## Assignment
The output must consist only of the lines from the one with "Sisters Point Garwin-VE3" through the end of the listing, restated exactly and free of pictures.
*** Provided material ***
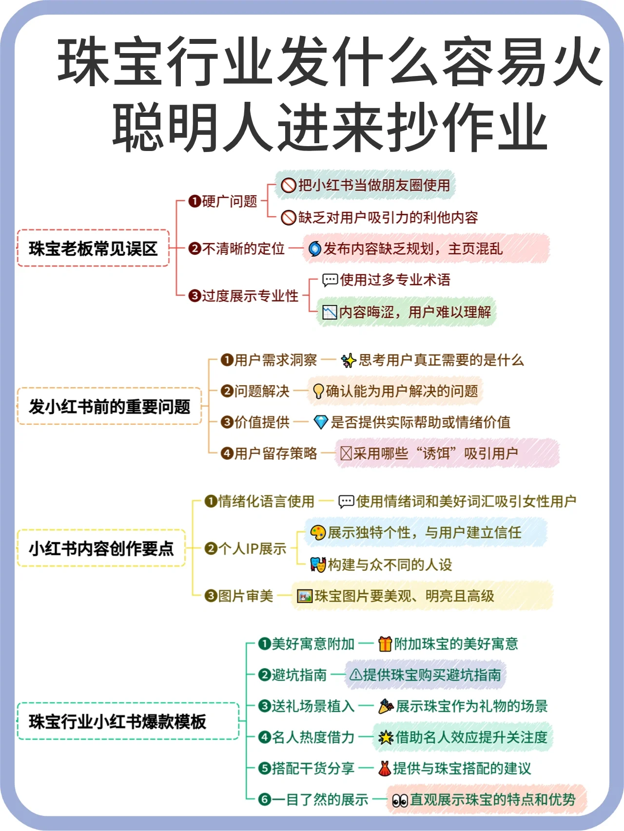 常见误解 ? 直接硬广告:这种方式无法理解人性,缺乏互动和利他主义的内容,难以吸引用户。 ? 定位不明确:未计划的内容发布会导致主页混乱,缺乏明确的传播方向。 ? 过度使用专业术语:尽管专业术语可以显示专业性,但过度使用可能会使内容晦涩难懂,使用户难以接受。 发布前需要考虑的问题 ? 用户真正需要考虑的是什么 ? 您可以为用户解决哪些问题 ? 你能提供什么实际或情感价值 ? 应该使用什么样的“诱饵”来留住用户 创建内容的注意事项 ? ? 倾听女性用户:小红书用户以女性为主,可以在内容中使用更多的情感词汇来增加亲和力。 ? 个人IP植入:展示个人特点,区别于同龄人,建立信任感。 高品质的图像:确保珠宝图像美观、明亮、有奢华感,满足用户审美。 四⃣ 珠宝行业小红书热销模板 ? 赋予美丽的意义:珠宝作为礼物,赋予它特殊的意义和情感价值。 ? 避免陷阱:教用户如何辨别珠宝的真伪,避免购买时的常见错误。 ? 植入送礼场景:展示不同送礼场景下珠宝的搭配与选择。 ? 把握名人热度:通过链接名人或热门事件,增加内容的关注度。 ? 搭配干货贴纸:分享珠宝搭配技巧,并提供实用信息。 ? 一目了然:直接清晰地显示产品,让用户一目了然。 ? 这些策略将帮助您的内容引起关注,为您的珠宝业务带来更多流量和潜在客户!
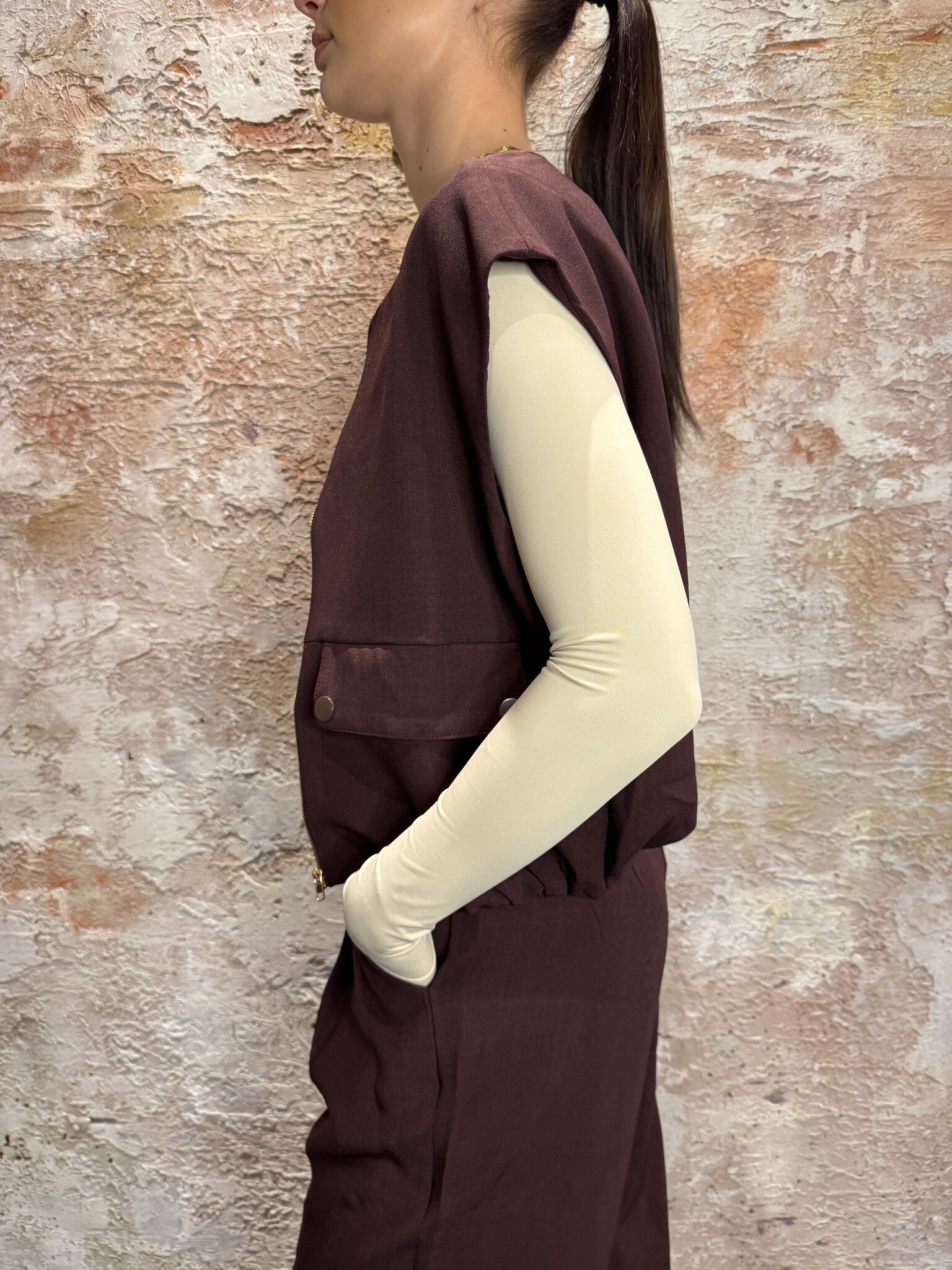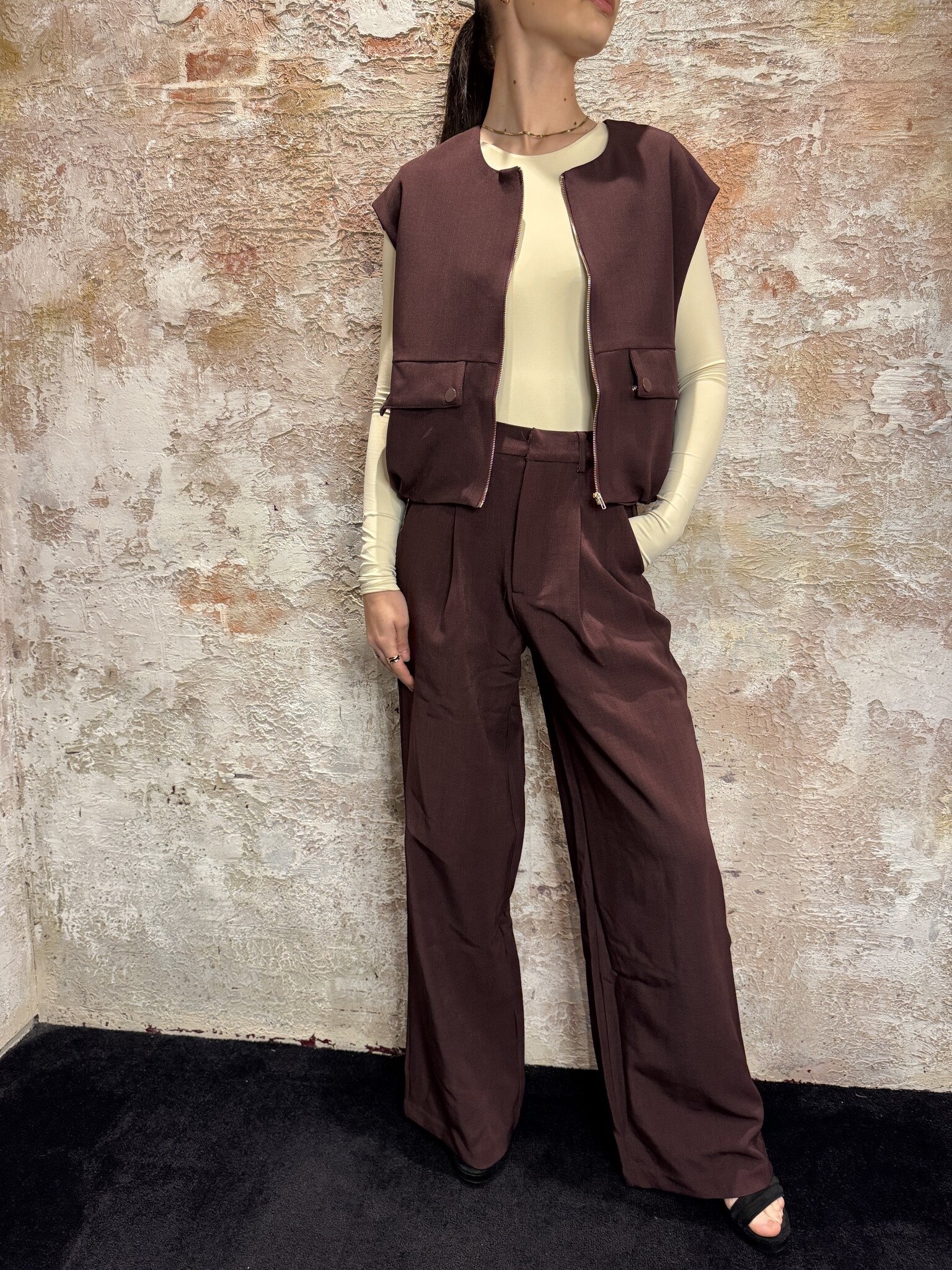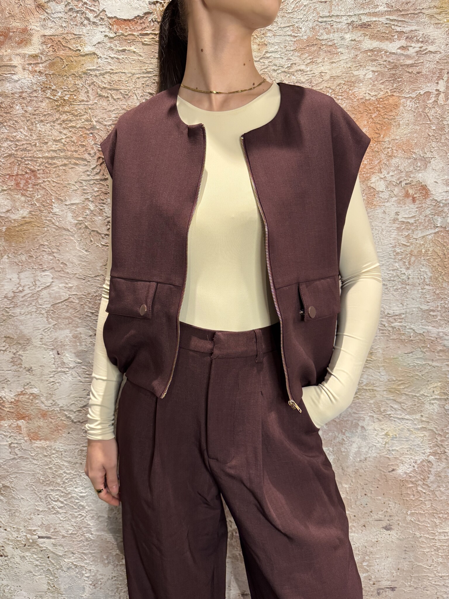 Sisters Point Garwin-VE3 Jacket Bordeaux. Trendy dames gilet in stijlvolle bordeaux kleur met zakdetails en ritssluiting. Combineer casual of chic voor een moderne look. Perfect te dragen met de bijpassende Great Bordeaux broek.
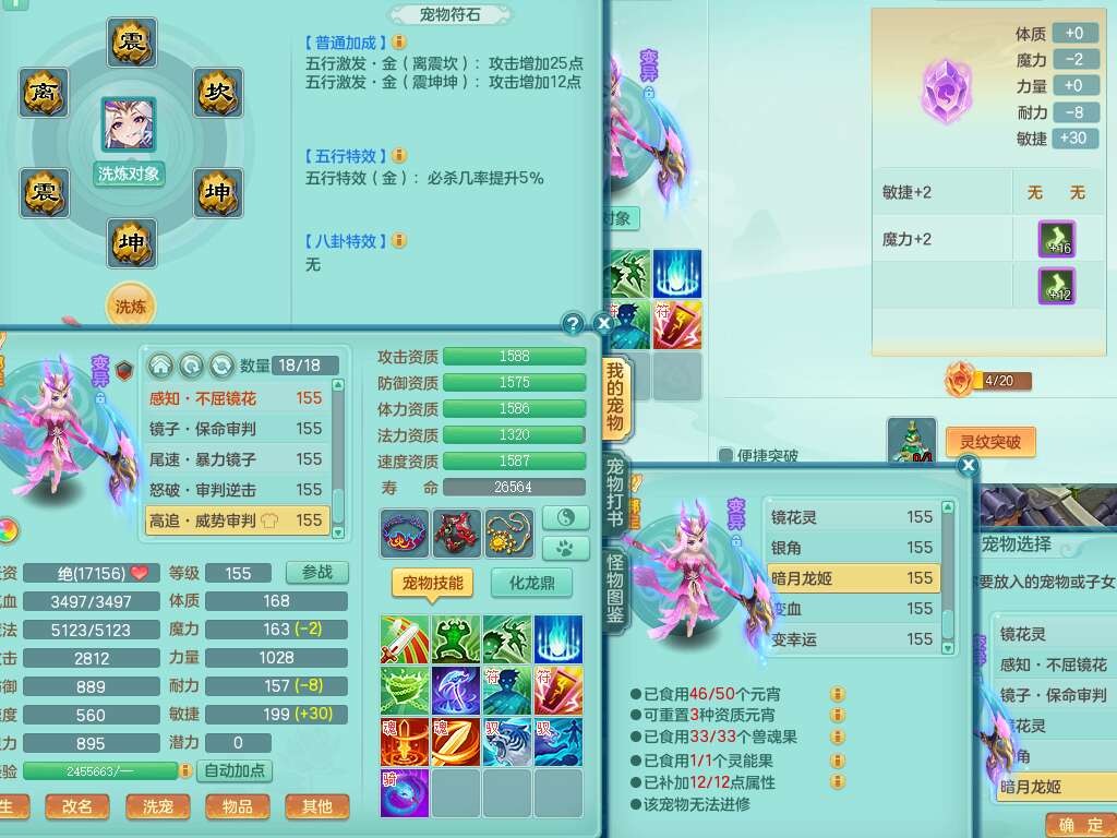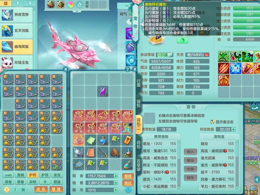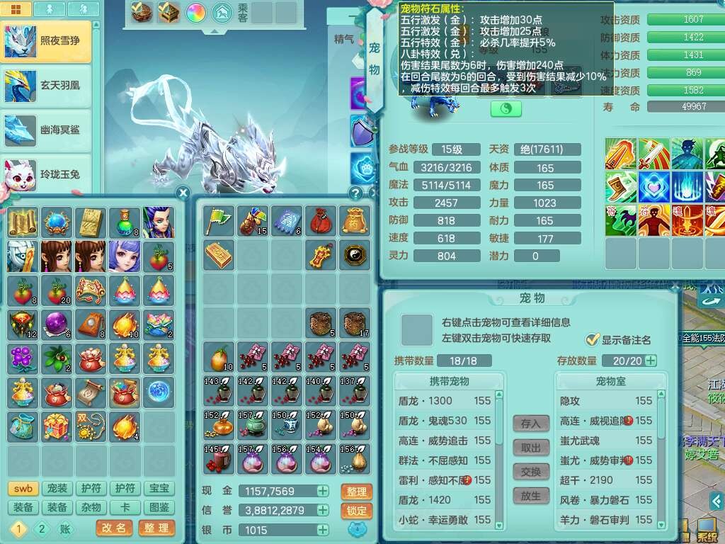 J22436今年勇159女普陀,精灵舞,6内胆龙,准4内胆神(1蛇2马,1神兽龙马+48神兽内胆碎片),3破镜,【9只觉醒,3系潜龙】,1宠皮,2特殊(怒破,灵傀),4只六技能镜花灵,2只六技能龙姬,3只多技能炼妖,愤怒四海腰带,六特,有回春群体守备武器,格挡单加51衣服,物理双破甲,破甲头,破甲五雷单加55鞋子,919易成长野兽单加53武器,崩山衣服、神佑项链全单加,6.0基础鼎+70攻+280血,15个永久格子,10个纯六字,4个五字,25只满果子,仓库还有33个果子,经验修炼成就在榜,永久称谓,4个孩子,7只坐骑,神驹马上发财+火焰之力,带112天月卡。
*** End of Provided material ***
## Response area
 Sisters Point Garwin-VE3 Jacket Bordeaux. Trendy dames gilet in stijlvolle bordeaux kleur met zakdetails en ritssluiting. Combineer casual of chic voor een moderne look. Perfect te dragen met de bijpassende Great Bordeaux broek.
 J22436今年勇159女普陀,精灵舞,6内胆龙,准4内胆神(1蛇2马,1神兽龙马+48神兽内胆碎片),3破镜,【9只觉醒,3系潜龙】,1宠皮,2特殊(怒破,灵傀),4只六技能镜花灵,2只六技能龙姬,3只多技能炼妖,愤怒四海腰带,六特,有回春群体守备武器,格挡单加51衣服,物理双破甲,破甲头,破甲五雷单加55鞋子,919易成长野兽单加53武器,崩山衣服、神佑项链全单加,6.0基础鼎+70攻+280血,15个永久格子,10个纯六字,4个五字,25只满果子,仓库还有33个果子,经验修炼成就在榜,永久称谓,4个孩子,7只坐骑,神驹马上发财+火焰之力,带112天月卡。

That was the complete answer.